- Country: United States
- Language: English
- Genre: Horror/science fiction short story

Publication
- Published in: Flight or Fright
- Publisher: Cemetery Dance Publications
- Media type: Print, audiobook
- Publication date: 2018

Chronology
| Elevation | Squad D |

= The Turbulence Expert =

Short story by Stephen King

"The Turbulence Expert" is a short story by Stephen King, first published in the 2018 horror anthology Flight or Fright. It was collected in King's 2024 collection You Like It Darker.

== Plot summary ==
While eating dinner in Boston, Craig Dixon, a "turbulence expert," receives a phone call from his "facilitator", who instructs him to board a flight to Sarasota later that evening. Dixon reluctantly agrees; he considers running but is convinced his employer will catch him and potentially execute him. On the flight, Dixon is seated between Mary Worth, an elderly widowed librarian, and Frank Freeman, a gruff businessman. Dixon experiences severe apprehension about the flight. He reflects on his lifestyle, which includes a high salary and living in high-class hotels.

As the plane passes over South Carolina, it encounters a severe patch of clear-air turbulence. Dixon closes his eyes and experiences a vivid vision of the plane crashing, after which the plane rights itself. Worth tells Dixon that she was sure the plane was going to crash, saying, "I saw it."

In Sarasota, Dixon is met by a stretch limousine that will take him to a hotel. After seeing Worth standing on the curb, he offers her a lift to Siesta Key. During the journey, Dixon explains that he works for an unnamed organization that is capable of predicting clear-air turbulence, which is a far more serious phenomenon than the public believes. "Talented" individuals such as Dixon are required on flights that will encounter clear-air turbulence, with their terror triggering telepathic abilities that prevent the plane from crashing.

Remembering that Worth was also terrified and also believed the plane would crash, Dixon invites her to join the organization, privately noting that once she joins she will never be able to leave and that recruiting her will enable him to retire two years earlier. The story ends with Worth being contacted by Dixon's facilitator, after which she is seen acting as a turbulence expert on a flight from Boston to Dallas.

== Publication ==
Bev Vincent suggests that the central idea behind "The Turbulence Expert" can be traced to an interview King gave to Dennis Miller in 1998, where he disclosed a fear of flying and stated "the flight you have to be afraid of is the flight where there's nobody on who's afraid of flying [...] those are the flights that crash" and that "you have three or four people who are terrified right out of their minds... we hold it up."

"The Turbulence Expert" was first published in 2018 as part of the 2018 horror anthology Flight or Fright, which was conceived of by King and edited by him along with Bev Vincent.
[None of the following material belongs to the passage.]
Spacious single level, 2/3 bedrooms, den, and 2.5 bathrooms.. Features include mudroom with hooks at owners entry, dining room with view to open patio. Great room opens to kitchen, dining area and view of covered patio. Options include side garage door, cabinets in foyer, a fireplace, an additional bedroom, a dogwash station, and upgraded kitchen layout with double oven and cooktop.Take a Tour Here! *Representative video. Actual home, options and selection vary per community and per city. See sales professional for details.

An audiobook was released consecutively by Simon & Schuster Audio, with King narrating his own story. In 2024, "The Turbulence Expert" was collected in King's book You Like It Darker.

== Reception ==
Stephen Spignesi noted that "The Turbulence Expert" represents one of King's occasional forays into science fiction, commenting "he doesn't 'let us down' (pun intended) with his latest effort." Greg Chapman of the New York Journal of Books stated "like many of King’s short stories, it leaves you guessing—and wanting more". Reviewing Flight or Fright, Publishers Weekly described "The Turbulence Expert" as "a perfectly tense tale".
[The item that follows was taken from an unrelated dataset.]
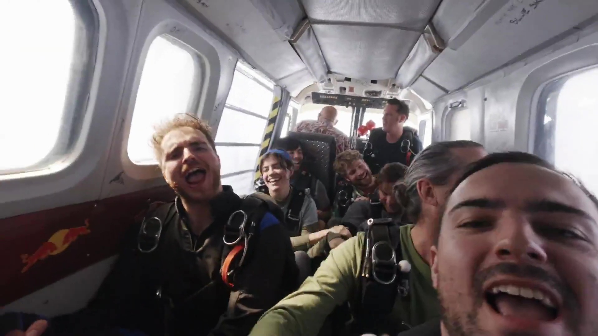 celebrating their friends 30th birthday by going skydiving. They see several

Less positive reviews were received from Ross Jeffery of STORGY Magazine, who described "The Turbulence Expert" as "a good story [...] not a great story" and "a simple story that really didn't move me at all", and from SFX, which described "The Turbulence Expert" as "half-formed". Reviewing You Like It Darker for Bloody Disgusting, Jenn Adams suggested that "The Turbulence Expert" would "play on existing fears of airline travel" but "feel[s] slight and may not evoke the same powerful response in readers without similar life experiences." Critiquing elements of the plot, Michael Washburn suggested that "King's concept here is interesting, but he might have thought it through with more rigor [...] and set [it] aside if he could not resolve its contradictions". Describing the story as "Twilight Zone-style", Mike Finn suggested that "the central conceit of the story was original and fun. The story was briskly told and felt a little sparse". Reviewing You Like It Darker for Rolling Stone, Sassan Niasseri judged "The Turbulence Expert" to be the weakest story in the collection.

Reviewing You Like It Darker, Justin Hamelin suggested that "'The Turbulence Expert' and 'Red Screen' would make for nice Creepshow episodes, with no overt gruesome horror but plenty of weird vibes."